### Work to complete
Transcribe, exactly and without pictures, the lines below from the line with "Live Side [D]" to the line with "Weiler 50134 Tiger", both ends included, and no others.

*** Supplied information Section Begins ***

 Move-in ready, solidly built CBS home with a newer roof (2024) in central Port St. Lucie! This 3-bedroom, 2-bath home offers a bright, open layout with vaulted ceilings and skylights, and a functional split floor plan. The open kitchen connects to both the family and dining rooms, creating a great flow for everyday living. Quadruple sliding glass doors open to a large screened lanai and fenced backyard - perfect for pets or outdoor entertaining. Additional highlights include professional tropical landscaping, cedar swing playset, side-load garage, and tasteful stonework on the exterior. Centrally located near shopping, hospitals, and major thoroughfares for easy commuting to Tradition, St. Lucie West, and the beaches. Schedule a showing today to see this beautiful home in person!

*** Supplied information Section Ends ***
*** Supplied information Section Begins ***

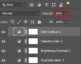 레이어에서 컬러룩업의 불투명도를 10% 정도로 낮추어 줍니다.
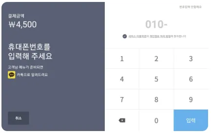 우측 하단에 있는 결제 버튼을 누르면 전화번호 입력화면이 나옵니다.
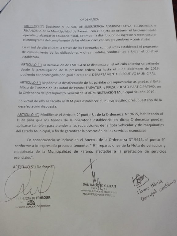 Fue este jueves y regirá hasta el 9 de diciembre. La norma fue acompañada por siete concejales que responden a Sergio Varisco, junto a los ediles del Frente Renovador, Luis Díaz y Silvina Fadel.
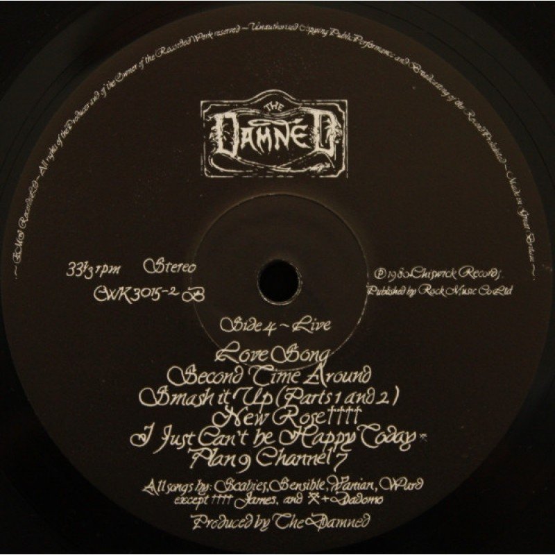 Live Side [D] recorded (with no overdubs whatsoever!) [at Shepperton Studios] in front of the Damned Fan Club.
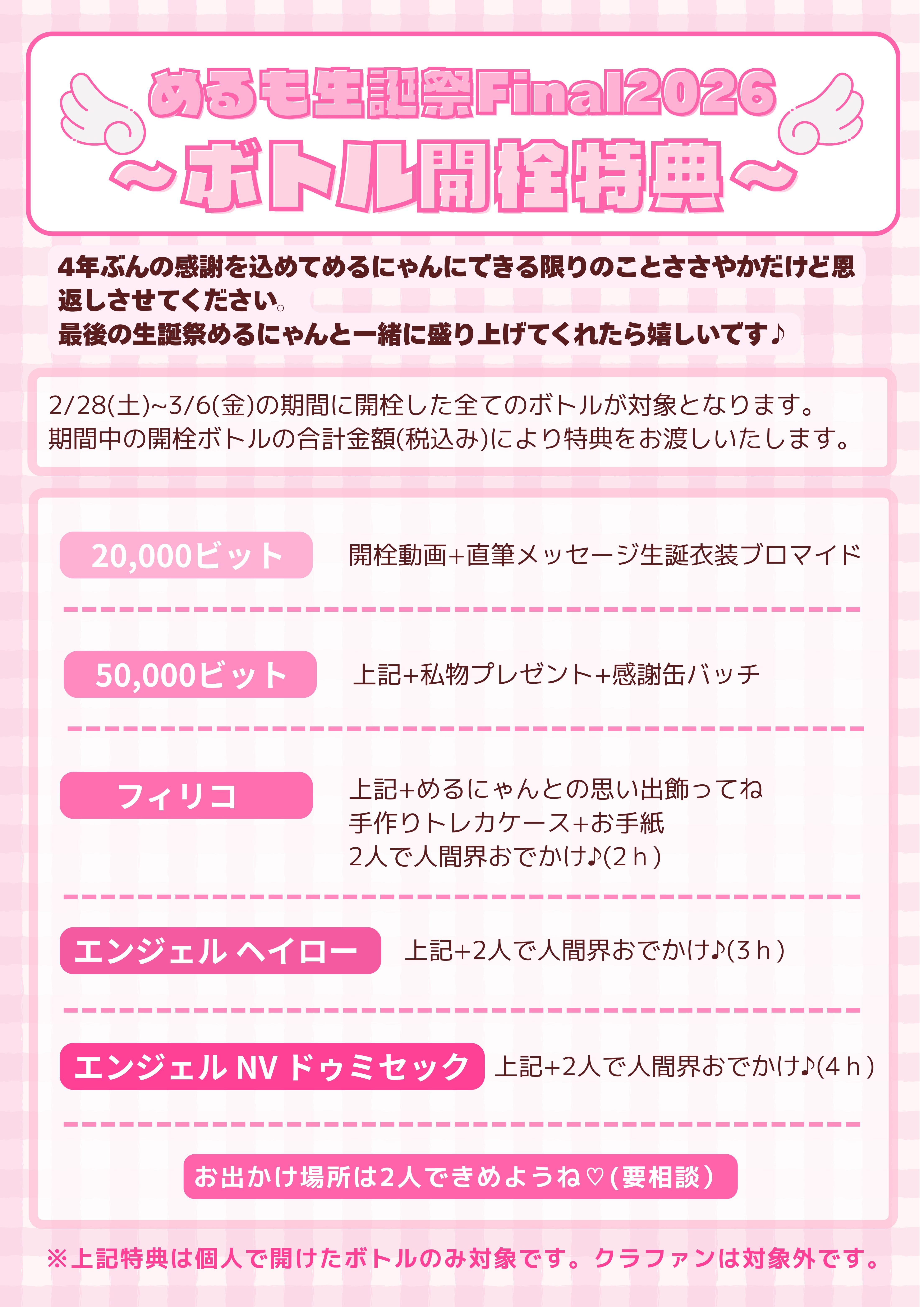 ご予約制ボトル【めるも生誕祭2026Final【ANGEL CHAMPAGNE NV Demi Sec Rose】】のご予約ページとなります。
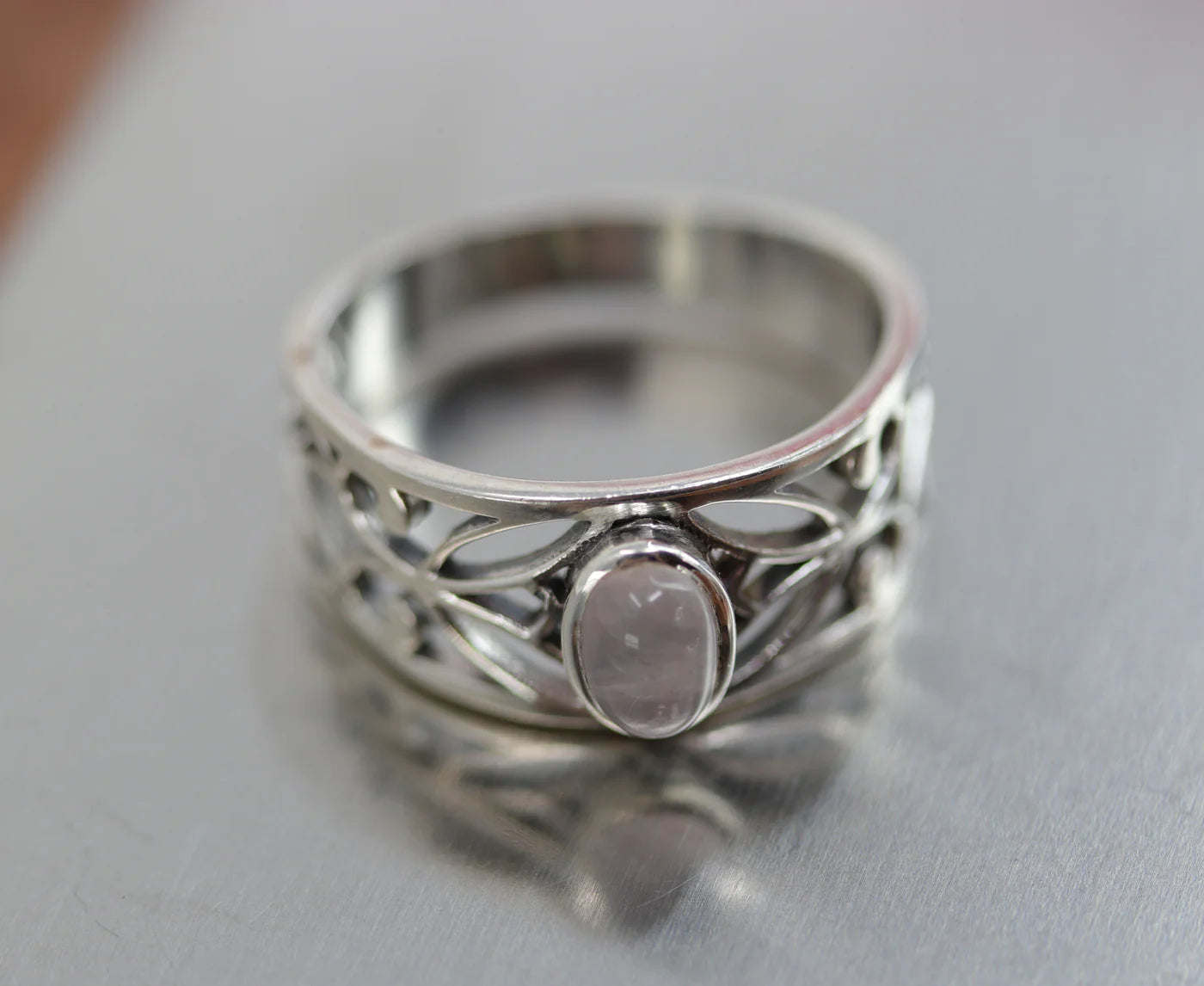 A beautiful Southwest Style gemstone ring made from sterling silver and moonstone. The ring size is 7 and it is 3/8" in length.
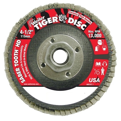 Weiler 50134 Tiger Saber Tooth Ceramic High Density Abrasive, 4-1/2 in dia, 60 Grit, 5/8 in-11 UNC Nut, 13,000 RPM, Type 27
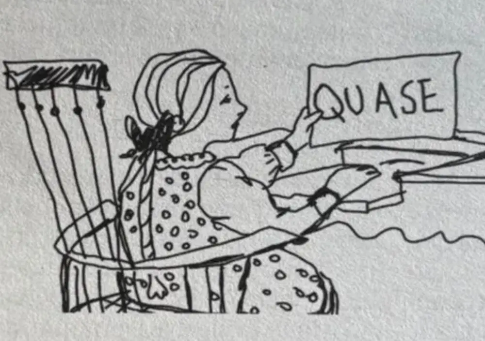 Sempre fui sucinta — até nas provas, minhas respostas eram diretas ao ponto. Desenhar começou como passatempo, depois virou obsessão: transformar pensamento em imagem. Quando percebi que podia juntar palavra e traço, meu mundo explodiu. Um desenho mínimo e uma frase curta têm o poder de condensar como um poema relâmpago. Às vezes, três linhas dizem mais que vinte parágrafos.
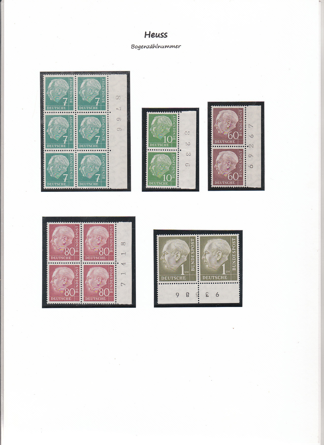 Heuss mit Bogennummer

*** Supplied information Section Ends ***

### Task output
 Live Side [D] recorded (with no overdubs whatsoever!) [at Shepperton Studios] in front of the Damned Fan Club.
 ご予約制ボトル【めるも生誕祭2026Final【ANGEL CHAMPAGNE NV Demi Sec Rose】】のご予約ページとなります。
 A beautiful Southwest Style gemstone ring made from sterling silver and moonstone. The ring size is 7 and it is 3/8" in length.
 Weiler 50134 Tiger Saber Tooth Ceramic High Density Abrasive, 4-1/2 in dia, 60 Grit, 5/8 in-11 UNC Nut, 13,000 RPM, Type 27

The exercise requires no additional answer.